[Provided data — start]

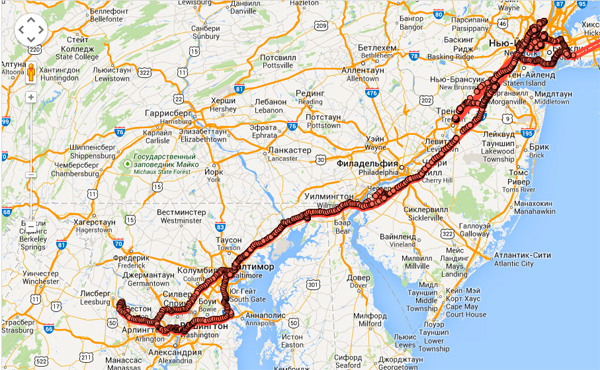Данные местоположения хранятся в вашей учетной записи в Google и их, оказывается, спокойно можно посмотреть вот здесь (залогиниться надо под соответствующей учеткой Google). Вот, например, мои перемещения по Штатам - все четко.
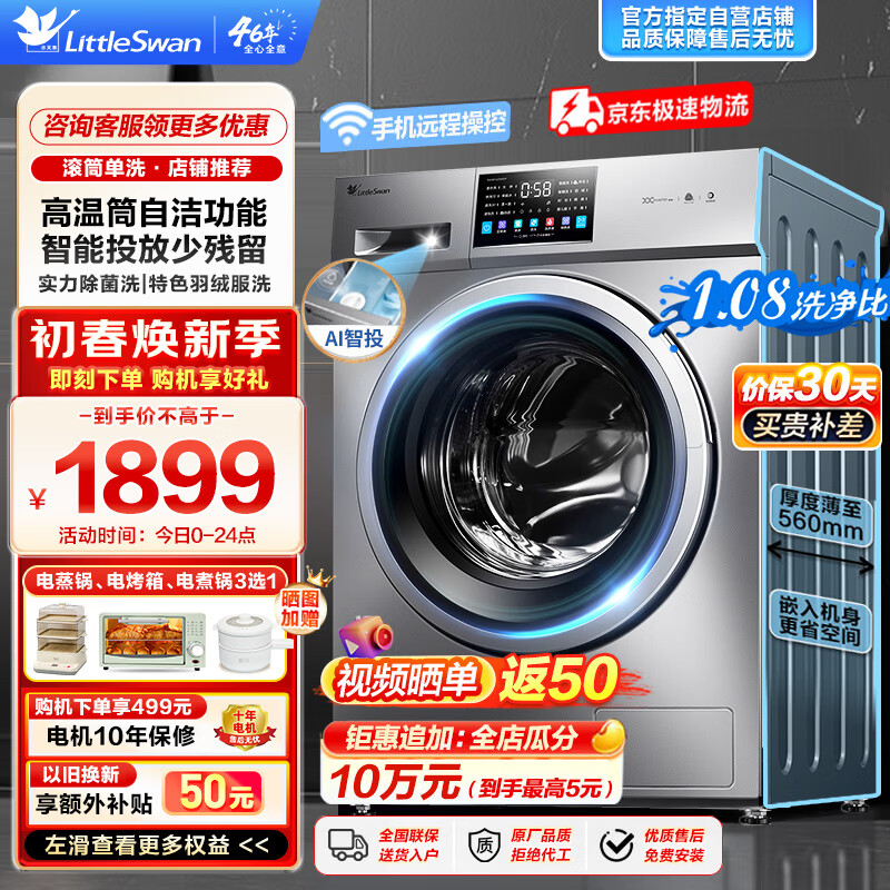 小天鹅(LittleSwan)滚筒洗衣机超薄全自动10公斤大容量 智能投放高温除菌筒自洁 母婴洗衣机 TG100V23WIDY 以旧换新价格:1899.00元!
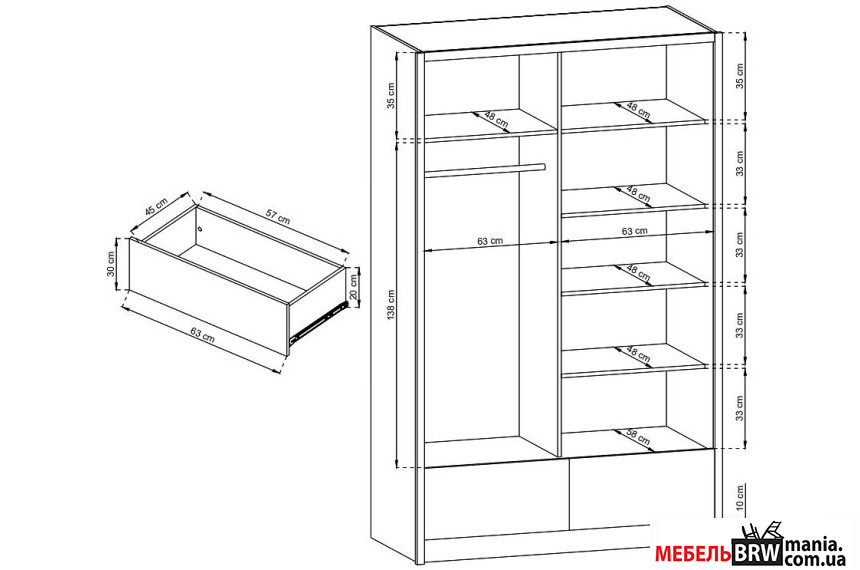 - Количество выдвижных ящиков 2
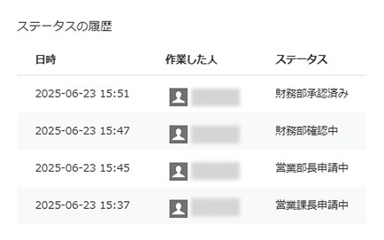 その後、通知を受けた財務部担当者が最終承認を実施する。
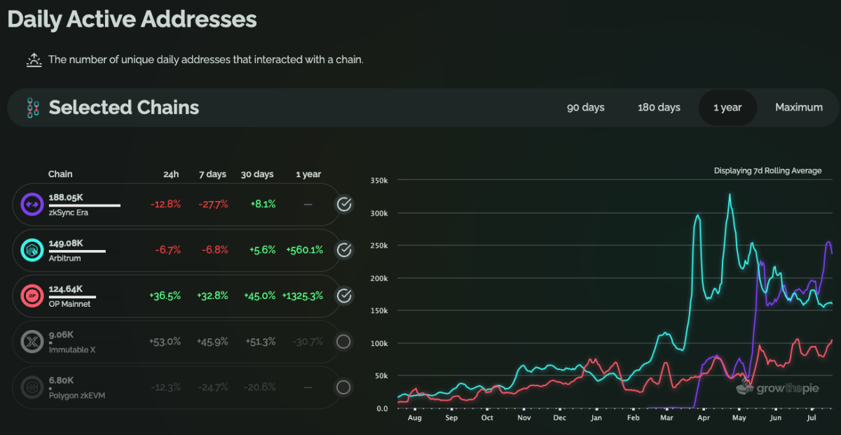 In terms of activity, the network has seen an increased number of users and activity, with wallets surpassing the 1MM users and daily active users (DAUs) exceeding 190K per day, positioning ZkSync as the L2 with highest DAUs, surpassing projects like Arbitrum or Optimism
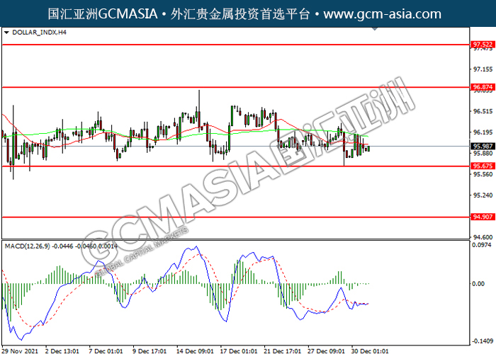 20211231 DOLLAR_INDX-午间 by willy | Dec 31, 2021 | 美元指数 | 0 comments DOLLAR_INDX,H4:美指高位回落,目前测试前期支撑。MACD空头动能略增,若下破可关注空头为主。上方关96.85压力和97.50压力,下方关注95.65支撑和94.90支撑。
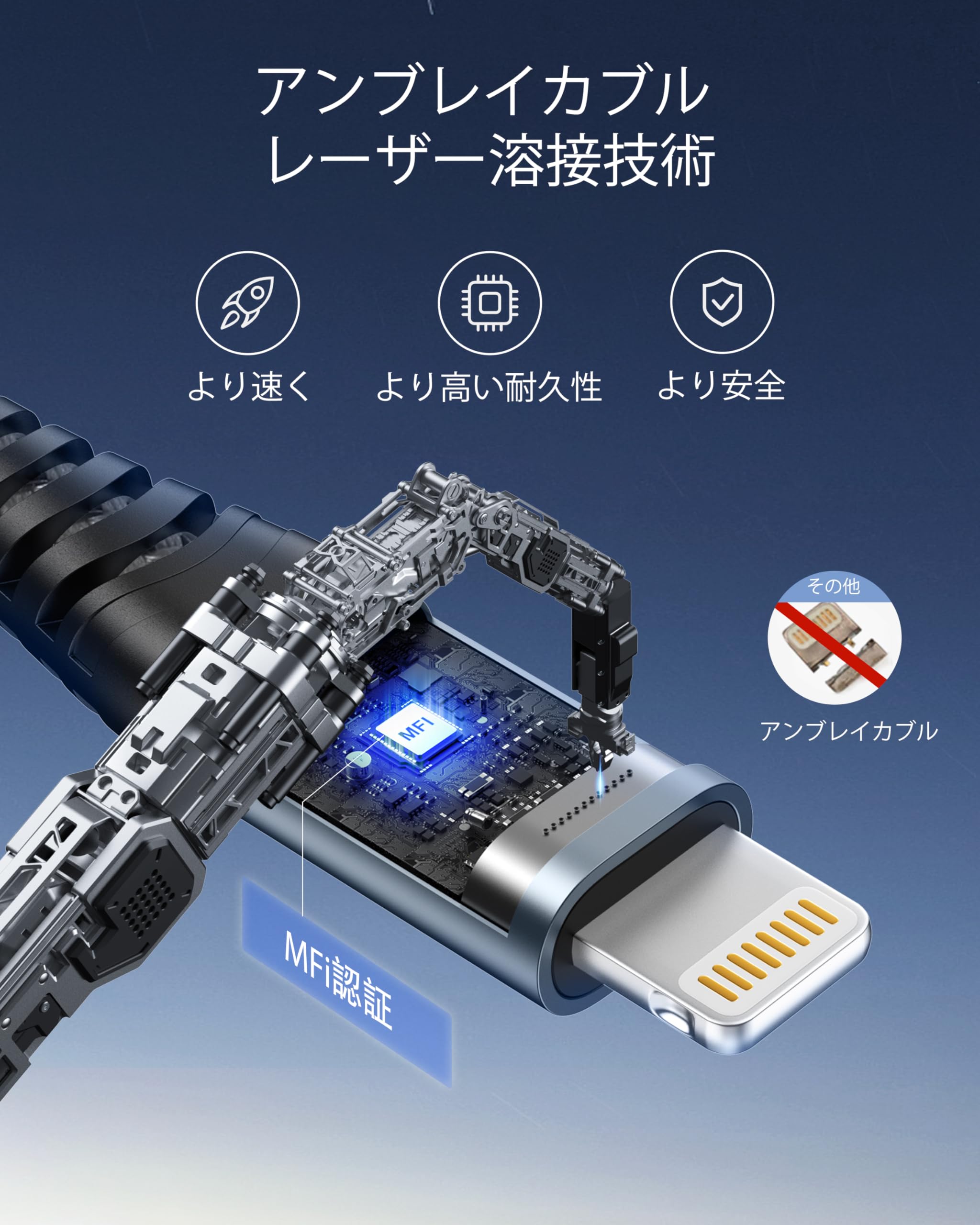 【Apple Mfi認証 iPhone 充電ケーブル】iPhone 充電ケーブルType-C AppleオリジナルのC94端子とスマートチップを使用して、Appleデバイスを即座に認識し接続。アップルデバイスへの完璧な互換性を満たしている性能であると共に、安心して長い間ご使用いただけます。
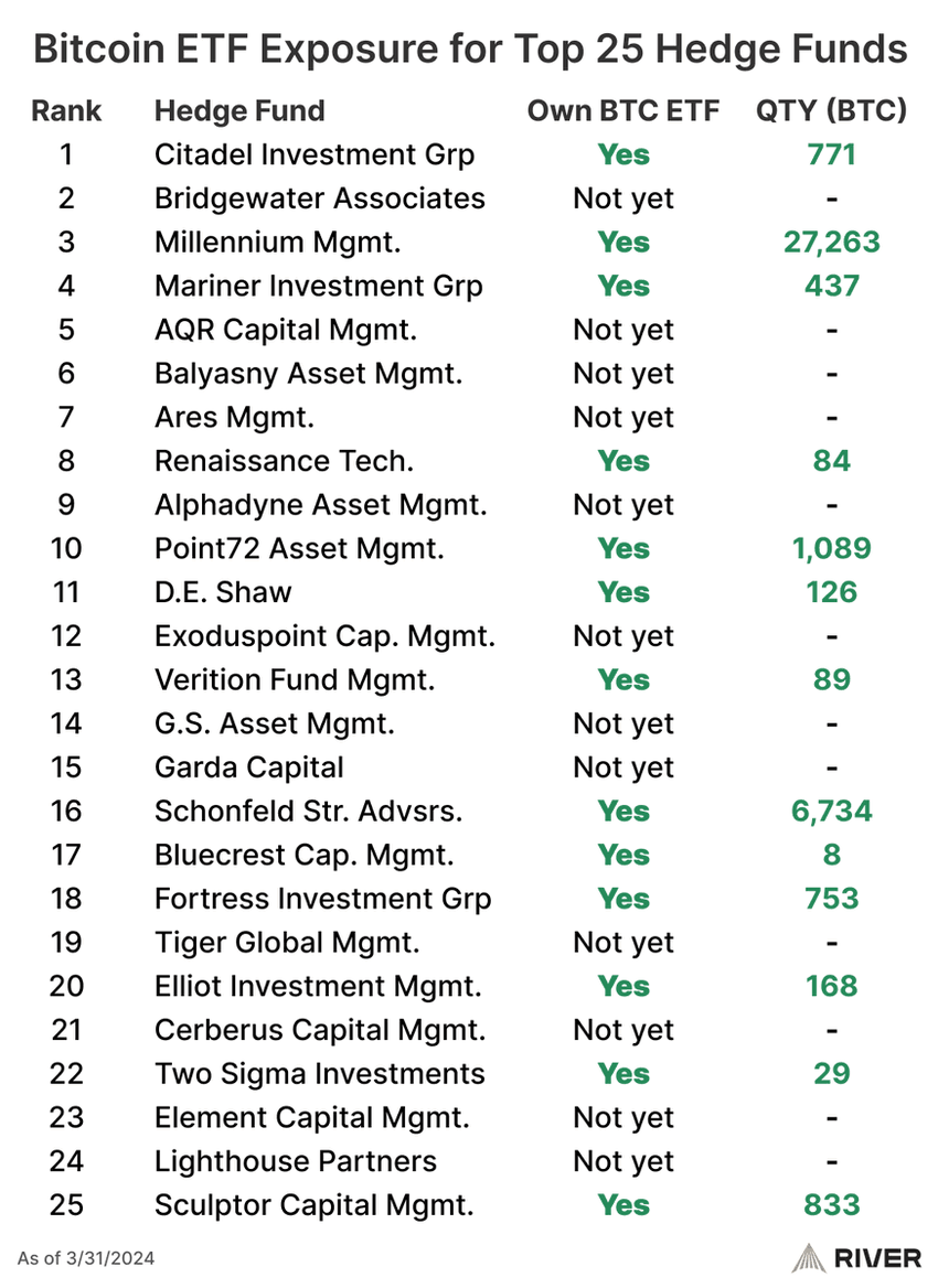 Sponsoredこの傾向を裏付けるように、暗号資産仲介会社リバーのアナリスト、サム・ベイカーは、米国の上位25のヘッジファンドのうち52%がこの投資商品に乗り出していることを強調している。これらのヘッジファンド投資は、Millenium Managementの27,263BTCという大幅な保有からBluecrest Capital Managementの8BTCという控えめな配分まで、幅広いスペクトルを示している。
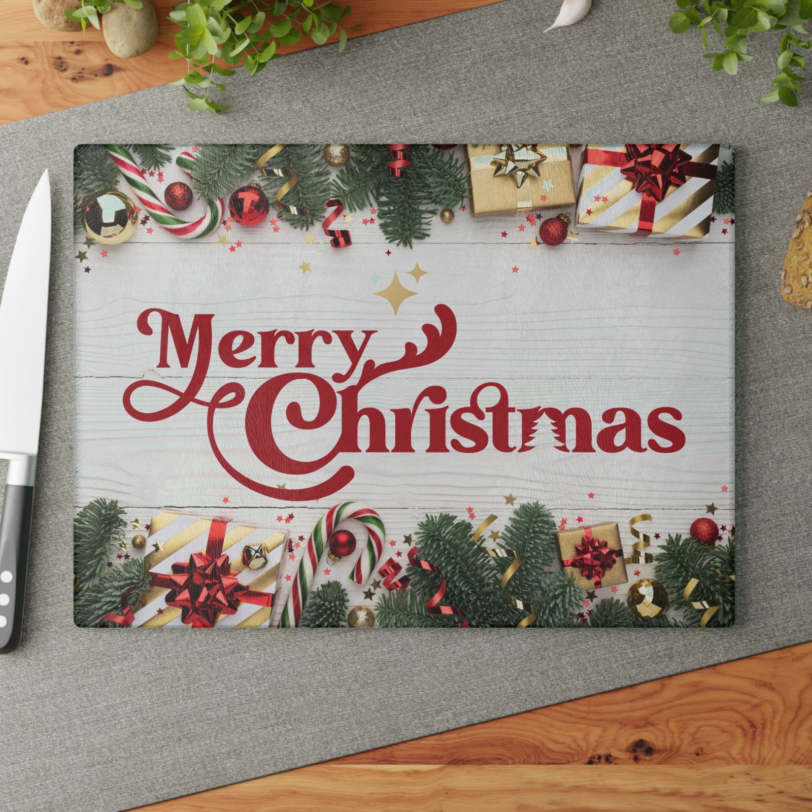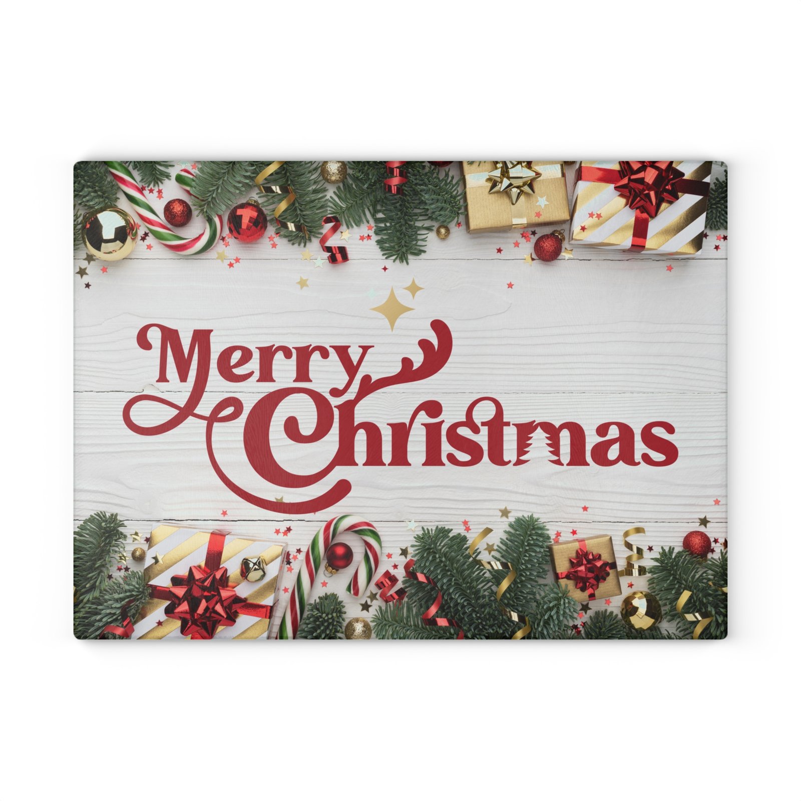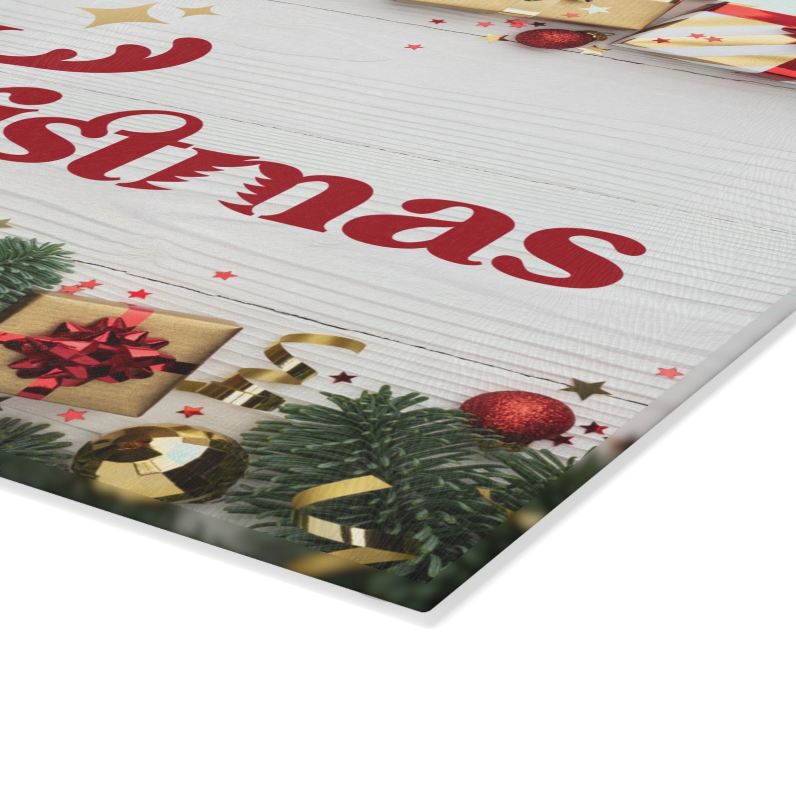 Add classic holiday cheer to your kitchen with this stunning glass cutting board featuring a retro-style “Merry Christmas” script in festive red on a rustic white wood plank background. Perfect for chopping, slicing, and serving appetizers during holiday celebrations. Relevant to those looking to add a festive touch to their kitchen decor during Christmas.

[Provided data — finish]

## What is expected
Each record is to be written out exactly. No picture goes in.

## Solution to the exercise
Данные местоположения хранятся в вашей учетной записи в Google и их, оказывается, спокойно можно посмотреть вот здесь (залогиниться надо под соответствующей учеткой Google). Вот, например, мои перемещения по Штатам - все четко.
 小天鹅(LittleSwan)滚筒洗衣机超薄全自动10公斤大容量 智能投放高温除菌筒自洁 母婴洗衣机 TG100V23WIDY 以旧换新价格:1899.00元!
 - Количество выдвижных ящиков 2
 その後、通知を受けた財務部担当者が最終承認を実施する。
 In terms of activity, the network has seen an increased number of users and activity, with wallets surpassing the 1MM users and daily active users (DAUs) exceeding 190K per day, positioning ZkSync as the L2 with highest DAUs, surpassing projects like Arbitrum or Optimism
 20211231 DOLLAR_INDX-午间 by willy | Dec 31, 2021 | 美元指数 | 0 comments DOLLAR_INDX,H4:美指高位回落,目前测试前期支撑。MACD空头动能略增,若下破可关注空头为主。上方关96.85压力和97.50压力,下方关注95.65支撑和94.90支撑。
 【Apple Mfi認証 iPhone 充電ケーブル】iPhone 充電ケーブルType-C AppleオリジナルのC94端子とスマートチップを使用して、Appleデバイスを即座に認識し接続。アップルデバイスへの完璧な互換性を満たしている性能であると共に、安心して長い間ご使用いただけます。
 Sponsoredこの傾向を裏付けるように、暗号資産仲介会社リバーのアナリスト、サム・ベイカーは、米国の上位25のヘッジファンドのうち52%がこの投資商品に乗り出していることを強調している。これらのヘッジファンド投資は、Millenium Managementの27,263BTCという大幅な保有からBluecrest Capital Managementの8BTCという控えめな配分まで、幅広いスペクトルを示している。
 Add classic holiday cheer to your kitchen with this stunning glass cutting board featuring a retro-style “Merry Christmas” script in festive red on a rustic white wood plank background. Perfect for chopping, slicing, and serving appetizers during holiday celebrations. Relevant to those looking to add a festive touch to their kitchen decor during Christmas.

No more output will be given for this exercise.